▸ **WHAT YOU WILL DO**:
Everything below from the line with "MAZDA3 ファストバックのドア淵のメッキモールをブラックアウト化です" through the line with "- Type de hotte" must be retyped exactly, except the pictures.

▸ **GIVEN DATA**:

▼

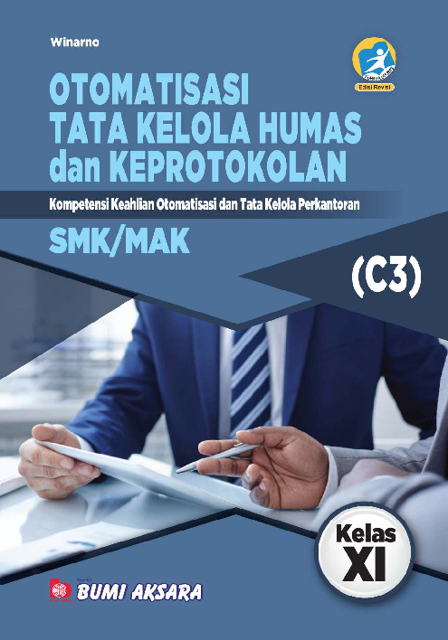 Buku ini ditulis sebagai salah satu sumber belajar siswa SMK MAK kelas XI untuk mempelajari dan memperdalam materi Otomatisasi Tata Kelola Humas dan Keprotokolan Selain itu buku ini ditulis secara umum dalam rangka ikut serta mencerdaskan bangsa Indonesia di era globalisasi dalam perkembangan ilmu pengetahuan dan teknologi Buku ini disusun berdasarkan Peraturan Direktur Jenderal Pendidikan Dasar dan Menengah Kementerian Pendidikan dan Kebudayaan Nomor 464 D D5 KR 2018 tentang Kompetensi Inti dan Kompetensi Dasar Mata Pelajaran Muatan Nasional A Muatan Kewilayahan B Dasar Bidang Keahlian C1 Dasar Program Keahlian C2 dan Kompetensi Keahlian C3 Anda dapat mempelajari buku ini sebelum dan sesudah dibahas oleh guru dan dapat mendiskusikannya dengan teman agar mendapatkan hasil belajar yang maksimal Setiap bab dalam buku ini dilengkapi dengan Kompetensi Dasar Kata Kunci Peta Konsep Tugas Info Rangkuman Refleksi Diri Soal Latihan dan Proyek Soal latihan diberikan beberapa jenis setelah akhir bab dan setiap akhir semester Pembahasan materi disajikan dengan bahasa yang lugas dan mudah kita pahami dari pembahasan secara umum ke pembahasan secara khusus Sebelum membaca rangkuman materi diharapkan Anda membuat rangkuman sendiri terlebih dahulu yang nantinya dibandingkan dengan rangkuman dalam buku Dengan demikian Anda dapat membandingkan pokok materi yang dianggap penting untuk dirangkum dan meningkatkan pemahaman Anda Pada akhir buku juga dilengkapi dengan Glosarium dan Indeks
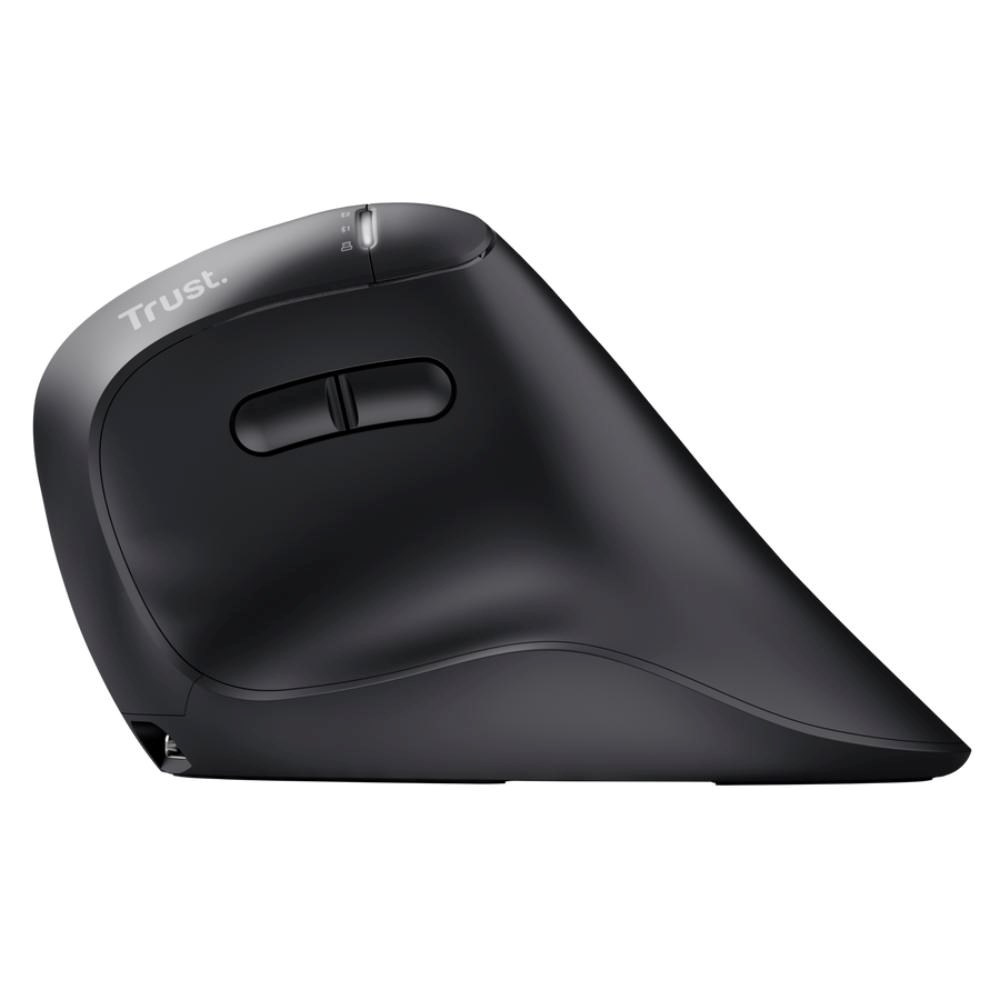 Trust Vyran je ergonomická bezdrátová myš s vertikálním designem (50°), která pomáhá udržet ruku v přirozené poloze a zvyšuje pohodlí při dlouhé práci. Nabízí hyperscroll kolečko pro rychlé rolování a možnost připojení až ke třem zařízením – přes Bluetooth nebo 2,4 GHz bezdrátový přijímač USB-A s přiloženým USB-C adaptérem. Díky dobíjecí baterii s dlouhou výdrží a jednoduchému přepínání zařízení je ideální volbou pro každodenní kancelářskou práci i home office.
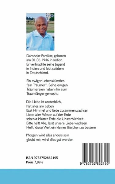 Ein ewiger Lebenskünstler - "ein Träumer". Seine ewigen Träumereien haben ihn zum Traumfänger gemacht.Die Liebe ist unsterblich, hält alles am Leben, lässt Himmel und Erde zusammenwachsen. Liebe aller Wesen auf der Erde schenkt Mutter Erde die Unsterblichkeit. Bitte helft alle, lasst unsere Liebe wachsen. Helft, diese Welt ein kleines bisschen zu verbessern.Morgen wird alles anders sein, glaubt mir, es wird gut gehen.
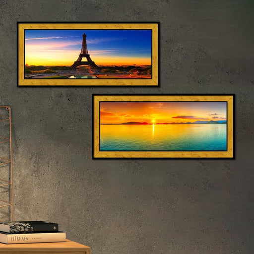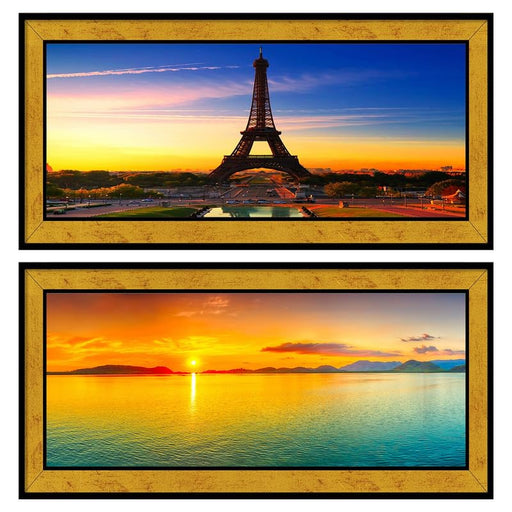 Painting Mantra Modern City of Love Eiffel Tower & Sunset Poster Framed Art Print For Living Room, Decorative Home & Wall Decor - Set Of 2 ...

▲
▼

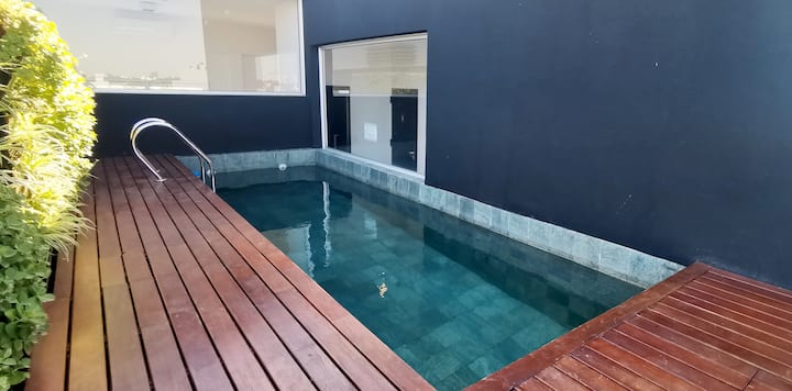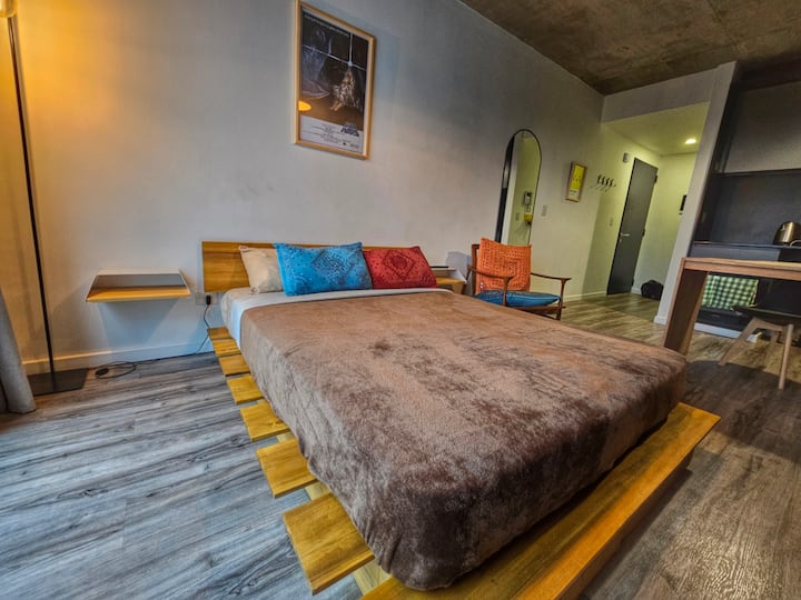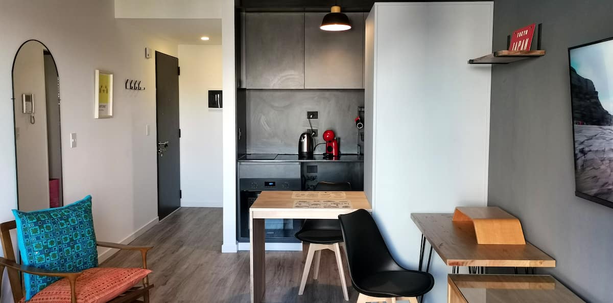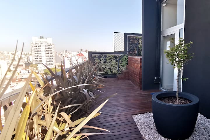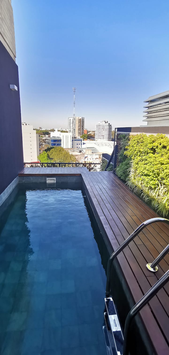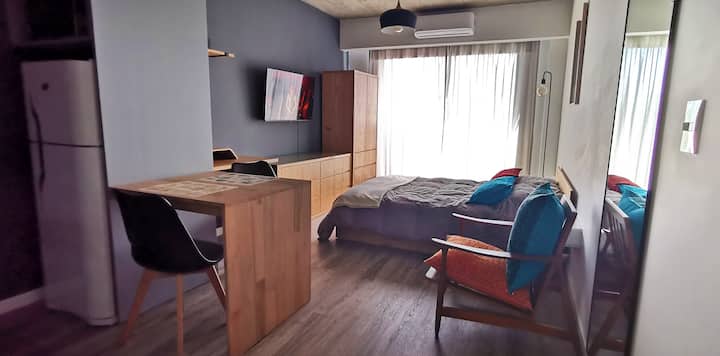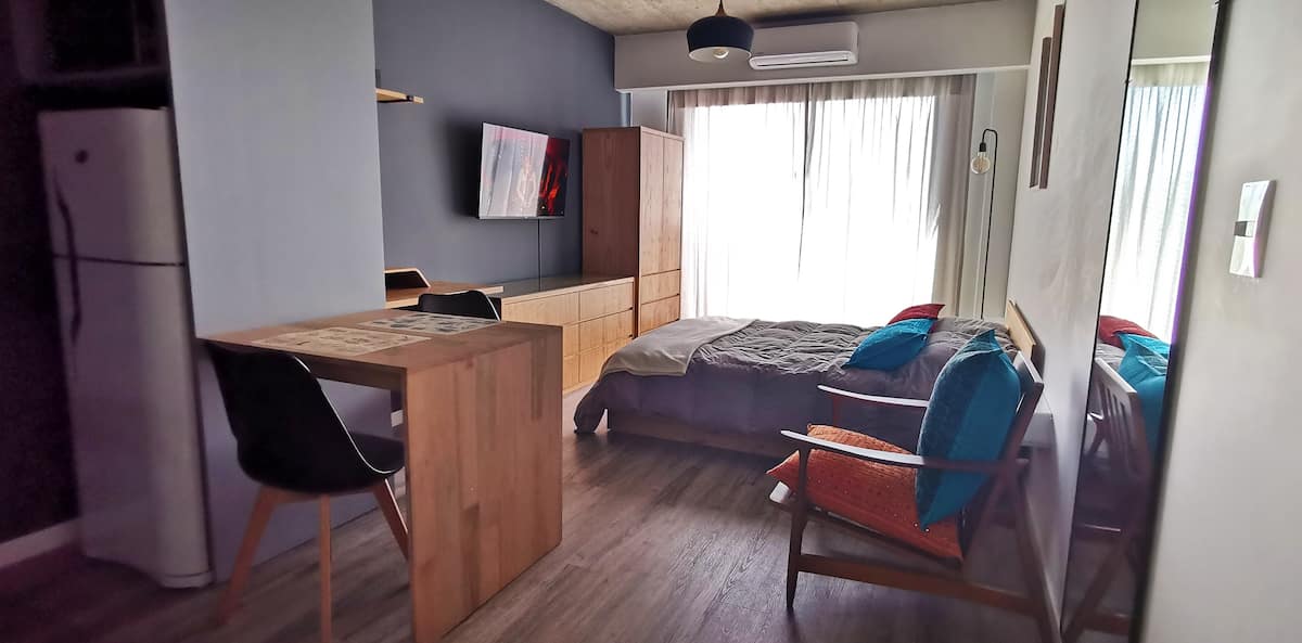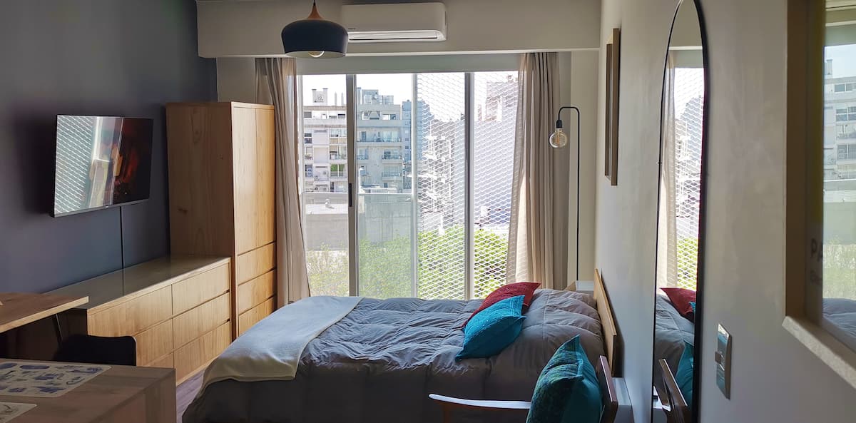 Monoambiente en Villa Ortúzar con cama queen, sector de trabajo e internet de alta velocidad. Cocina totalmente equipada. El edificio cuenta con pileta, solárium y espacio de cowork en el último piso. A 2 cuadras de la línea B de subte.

▲
▼

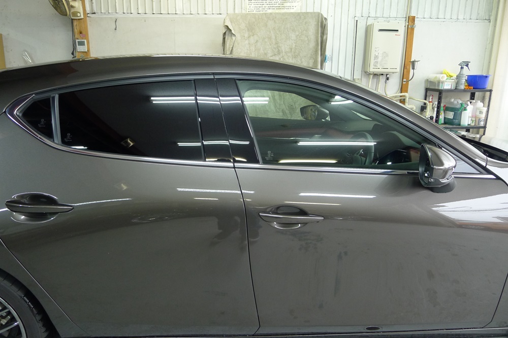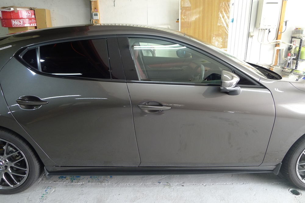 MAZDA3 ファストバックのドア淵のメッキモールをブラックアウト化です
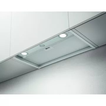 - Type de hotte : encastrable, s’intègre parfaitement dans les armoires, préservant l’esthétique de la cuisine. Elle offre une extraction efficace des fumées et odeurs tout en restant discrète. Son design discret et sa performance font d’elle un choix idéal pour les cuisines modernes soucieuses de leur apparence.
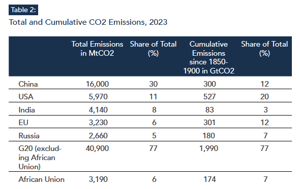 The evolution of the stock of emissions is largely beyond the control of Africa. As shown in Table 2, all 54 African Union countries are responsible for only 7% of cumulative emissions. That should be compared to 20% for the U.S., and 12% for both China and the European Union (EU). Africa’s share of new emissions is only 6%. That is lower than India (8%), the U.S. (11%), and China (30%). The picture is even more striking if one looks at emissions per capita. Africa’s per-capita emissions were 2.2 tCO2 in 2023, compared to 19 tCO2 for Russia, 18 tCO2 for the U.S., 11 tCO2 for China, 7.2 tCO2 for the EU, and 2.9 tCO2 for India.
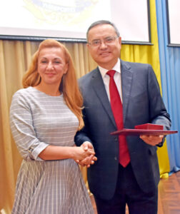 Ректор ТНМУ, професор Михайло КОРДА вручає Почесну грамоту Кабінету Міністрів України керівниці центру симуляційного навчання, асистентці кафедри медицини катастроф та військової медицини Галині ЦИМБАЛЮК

▲

▸ **SOLUTION TO THIS PROBLEM**:
 MAZDA3 ファストバックのドア淵のメッキモールをブラックアウト化です
 - Type de hotte : encastrable, s’intègre parfaitement dans les armoires, préservant l’esthétique de la cuisine. Elle offre une extraction efficace des fumées et odeurs tout en restant discrète. Son design discret et sa performance font d’elle un choix idéal pour les cuisines modernes soucieuses de leur apparence.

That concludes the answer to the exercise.